# 22" JET® Scroll Saw with Stand and Foot Switch: JWSS-22



## Jay39

Just wondering if anyone has seen and/or tested the new Jet JWSS 22" scroll saw? I'll be looking at it tomorrow for potential purchase, but I was wondering if anyone has gotten their hands on it yet? I don't see any reviews as it's so new. The video looks absolutely awesome!


----------



## rustynails

I have been wondering about these as well?


----------



## Jay39

I saw it today and it is awesome! The blade release mechanism is so fast and easy. It also looks really cool. I didn't buy it…bought another festool tool…but I will be buying it soon…lol.


----------



## rustynails

Jay have you ever seen or used the excalibur? Just asking for comparisons… as they look so close to each other.


----------



## blaughn

If I were in charge of marketing for Jet and if I had confidence that the new 21" Jet performed as well as the Excalibur - I would put a couple of the Jets in the hands of current Excalibur users and get them to write reviews. *If it performed well Jet could own the Excalibur market*.


----------



## PaulDoug

it looks like a good saw, but real new so the jury is still out in my opinion. Those interested, be aware it is a bottom feed saw. Some do not like that. I am a bottom feeder so that would work fine for me. I hope it is a good as it looks. I am hesitant because I bought a jet drill press and I am not at all impressed with it.


----------



## Woodmaster1

The blade changes on the Jet are easier than any other brand of scroll saw. The woodworking club I belong to bought an Excalibur and they always go to the Dewalt saw first. That because they are have always used the Dewalt and they don't like how the blade change works on the Excalibur saw.


----------



## Jay39

I finally got to test it at a local Woodworking store…and it is absolutely awesome! I plan to purchase in the next few weeks. They say it comes ready to go out of the box…just put the stand together. It cut on the dime and absolutely no vibration. It was very impressive and impressive looking. The only caveat is as much a downer to me as it is an upper…and that's the Cast Iron top. I like it because it's a thing of beauty and gives it substantial weight. I just hate keeping it clean and clear of sample wood that I sometimes will lay on my current scroll saw. I just don't like rust on any of my tools and it's a pretty big job to keep it off…LOL


----------



## PaulDoug

Keep it waxed. Or maybe cover it with like 1/8 Masonite (if you can find Masonite). I have my Ex table covered with Masonite, not to prevent rust, but to give me a zero Clarence hole, will at least a smaller hole.


----------



## flrvcamper

I have wood in a wood shop for years with all steel tops on the machines and have never had to worry about rust on anyone of the machines. If you wipe a lite coat of oil on the tops once a week they will never have rust on them.
I have looked at the jet 22" scrollsaw and it looks to be a good saw. I am thinking about purchasing one and retiring my old RBI,
Jerry


----------



## MrUnix

> The only caveat is as much a downer to me as it is an upper…and that's the Cast Iron top. I like it because it's a thing of beauty and gives it substantial weight. I just don't like rust on any of my tools and it's a pretty big job to keep it off…LOL


A 'big job'? That is a dinky little table compared to other machines like a table saw, and would take maybe a minute to slap some wax on it. To me, that is the last thing I would consider a negative. But for the price they are asking for those things, I think I'll just keep happily using my $35 Delta 

Cheers,
Brad


----------



## rustynails

Here is a link to a review of the Jet saw.

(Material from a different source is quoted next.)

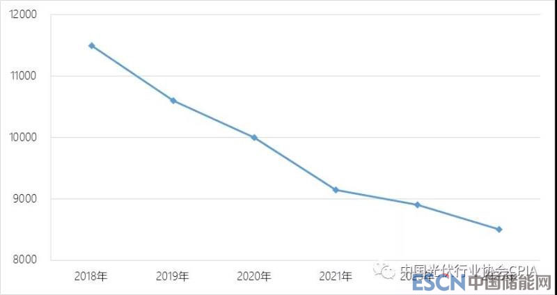 2018-2025年三氯氫硅法多晶硅生產(chǎn)線設備投資成本變化趨勢(單位:萬元/千噸)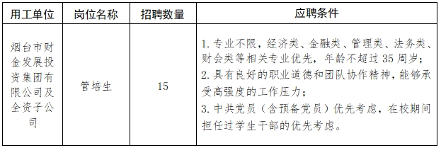 備注:市外首次來煙就業(yè)的35周歲以下(特別優(yōu)秀的年齡可適當放寬)非應屆畢業(yè)生,如有應聘意向,可先通過管培生崗位應聘,如符合煙臺市人才引進政策,且順利通過集團招聘考核,將根據應聘人員工作履歷情況,結合集團實際用工需求,主要分配到投資管理、融資租賃、保理、綜合文秘、運營管理等工作崗位。

https://www.google.com/url?sa=t&rct=j&q=&esrc=s&source=web&cd=1&cad=rja&uact=8&ved=0ahUKEwjk2ODp8fDPAhXH6SYKHdDFD4sQtwIIHDAA&url=https%3A%2F%2Fwww.youtube.com%2Fwatch%3Fv%3DkGbZtWqFvsI&usg=AFQjCNHYMXRurH5Oyy_OI1URuKQHfmMYwQ&sig2=JZ2Zo7vVy3f1O8J0P0flTQ


----------



## MustacheMike

Steve Good did the review. You can trust his opinion. He is one of the most knowledgeable men in scroll sawing. The top will not rust under normal working and storage situations. We are trying to get Jet to send us one for test and review as well.


----------



## Dee1

Very interesting 
The bottom clamp is very much like the one on my old RBI hawk it worked well, 
Since then I have upgraded to my Excaliber and am very happy but it looks like Jet is going to have a winner also.
Dee


----------



## Jay39

Well, I finally made my Jet Scroll purchase…and I am amazed! It's awesome! It cuts so smooth and clean. But, my workshop (for now) is in my 3 car garage and I had to put the scroll saw where my other one was. I've always been able to avoid rain and moisture on my tools…especially my cast iron and I keep up with protecting them. No different for this scroll saw…however, my wife opened the garage door when I wasn't home and there was a huge down pour with 30 mph winds and it covered my scroll saw (while I was at work). Rust galore. This even after I waxed and did everything to protect. I was horrified! I didn't have it one week. So, I sanded with 800 grit sand paper and worked it all out…and, it still looks good and operates perfectly, but I can see the scratches from the sand paper on the cast iron. You have to look closely, but it's there and it was an extremely painful experience. I was truly horrified…LOL. I'm better now…kind of…lol


----------



## wjbclocks

I have tried the Jet scrollsaw it is a good saw but it is not a top feed saw.and to change blades isn't very time saving.


----------



## MrGerke

I signed up today mainly to ask you all about the Jet 22. I got one a few months ago and there has been problem after problem. First, the little rubber cap over the switch fell off the first day. No biggie.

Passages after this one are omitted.